Contentions put forth by the applicant (The National Highway authority)

  1. The Act 1956 is a special law that contains the procedure for acquisition and determining the compensation by the competent authority.
  2. The Act 1956 gives power to the Central Government to appoint the arbitrator.
  3. Before the matter proceeded, the respondent applicant approached the High court of Calcutta by invoking Section 11(6) of the Act 1996 and it was untenable.
  4. The Act 1956 is a Special law inasmuch as prevail over the Act 1996, which is a general Law.
  5. In the light of the decision held in National Highways and Infrastructure Development Corporation Ltd. Vs. Prakash Chand Pradhan & Ors that the Special law always prevails over general law, the order passed by the High Court of Calcutta deserves to be quashed

Contentions put forth by the respondent (Sayedabad Tea Company Ltd)

  1. The Act 1956 paved the way for the application of the Act 1996.
  2. The Central government failed to exercise its power to appoint an arbitrator within 30 days from the date of application of the Respondent Applicant.
  3. In the light of the decision held in Deep Trading Company vs. Indian Oil Corporation and Others, the Power of the Central government to appoint the arbitrator gets forfeited when the Respondent invoked Section 11(6) of the Act 1996.
  4. There was no legal impediment for the High Court to appoint an arbitrator in as much as its finding is correct.

Findings of the Hon’ble Supreme Court

The Act 1956 is a special law. The usage of the term “subject to” found in Section 3G(6) indicates the overriding effect of the Act 1956 on the provisions of the Act 1996.

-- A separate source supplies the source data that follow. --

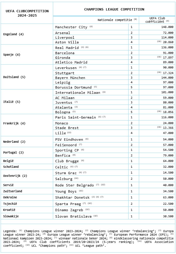 De opzet van de UEFA Champions League wijzigt aanzienlijk vanaf seizoen 2024-2025. De grootste verandering is de competitiefase (voorheen groepsfase), die een enkele competitie met 36 teams kent. Elke ploeg staat tegenover acht verschillende teams (vier thuis, vier uit). De top acht van het algemeen klassement gaat rechtstreeks door naar de 1/16- finale. Ploegen die eindigen op de 9de tot en met de 24e plaats strijden in de play-offs, waarvan de acht winnaars doorgaan naar de laatste zestien. Vanaf de 1/16- finale begint de knock-outfase.
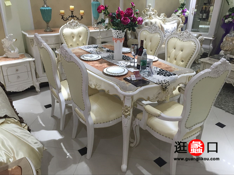 卡吉梦家具欧式餐厅实木雕花真皮餐桌椅
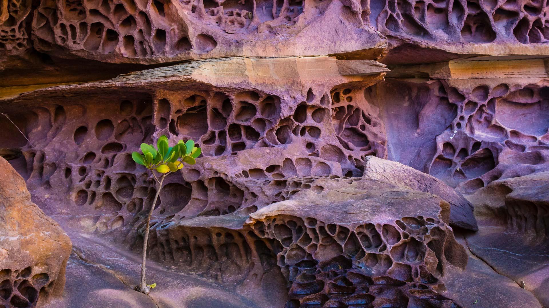 远看像蜂窝,近看像蜂窝,用手摸一摸,却不是蜂窝!没错,壁纸中这些布满大大小小坑洞的玩意儿确实不是蜜蜂的家,而是澳大利亚西北部的库拉马湾的岩石因蜂窝状风化作用而形成的,也叫蜂窝岩,它们结构优美,长的像蜂巢蛋糕一样,如果能吃的话绝对酥脆爽口!
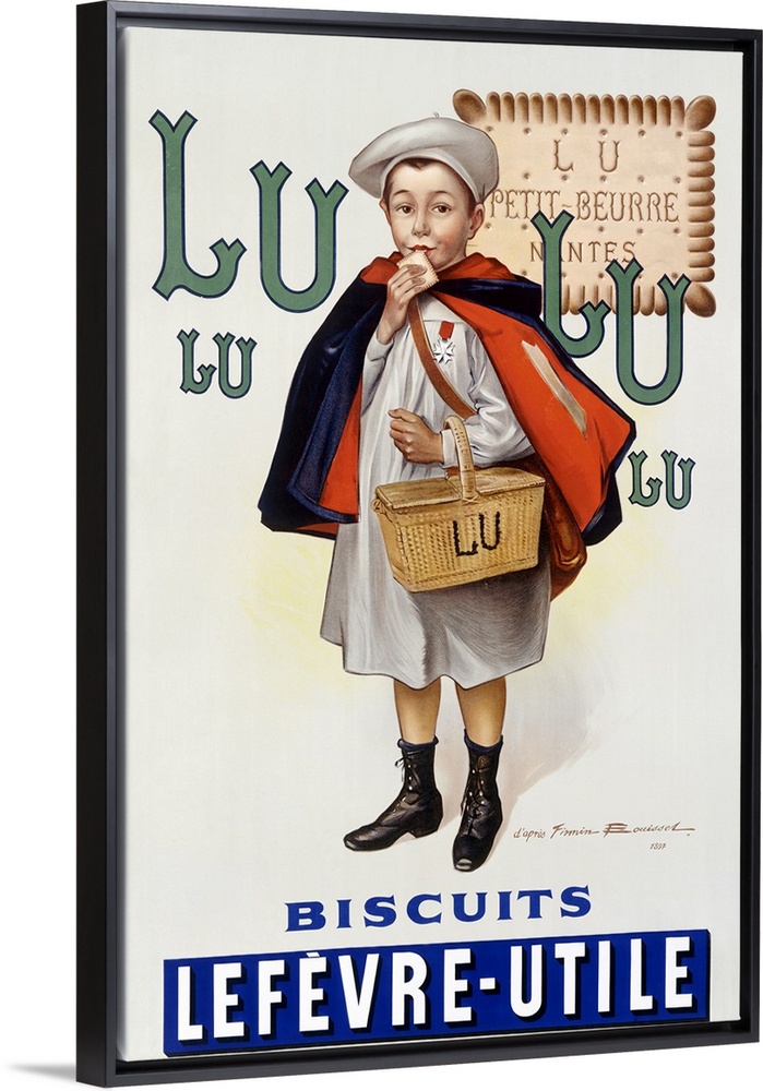 <p>Retro poster on canvas of a painting of a boy holding a basket eating a biscuit.</p>
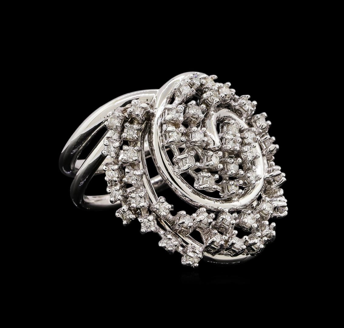 One electronically tested 14KT white gold ladies cast diamond ring with a bright polish finish. Identified with markings of "K14". Condition is new. Containing: Fifty prong set round brilliant cut diamonds, measuring 1.50 - 1.50 x 0.90mm (depth est.) approximate total weight of 50 Stones = 0.62ct. Clarity: SI-2 to I-1. Color: J - K, Cut is Good. All diamonds are graded in the mounting, unless otherwise stated. Total Weight of Diamonds 0.62ct. Total Weight of Ring 12.30 grams. GGL Appraised.

It is a well-settled principle that the Special law prevails over the general law inasmuch as the Act 1956 prevails over the Act 1996.

The respondent cannot invoke Section 11(6) of the Act 1996 and dismissed the order of the High Court of Calcutta.

Now a question may arise in the mind of readers as follows:

Perhaps, in the future, as like this, the authority vested with powers of appointing the arbitrator under any Special Law fails to do so, then what would be the remedy to the aggrieved party since the present judgment has shut the avenue for invoking Section 11(6) of the Act 1996?

There is a proverb that says when one door closes, another opens. Similarly, the Hon’ble apex court has rendered a solution in the very same case that the aggrieved party may knock the door of Hon’ble High Court under Article 226 or he can file a suit for the purpose

Hence in the light of the above case, we can conclude this part that the hands of Section 11(6) is not wide enough to embrace all and it has to stretch it within the allowed ambit.

Conclusion

The legislation enacts some special laws for the accomplishment of certain tasks for the welfare of the State. Hence it gives an overriding effect to such Special Acts to gear up the process as well as to attain the intended purpose. Doing so, whenever it gets stuck, the Judiciary by its interpretation lifts the clog and makes it move. In this case, Hon’ble Apex court, in line with the legal maxim “Generalibus special derogant”; special things derogate from general things emerged, has thrown light on the issue and rightly settled the matter.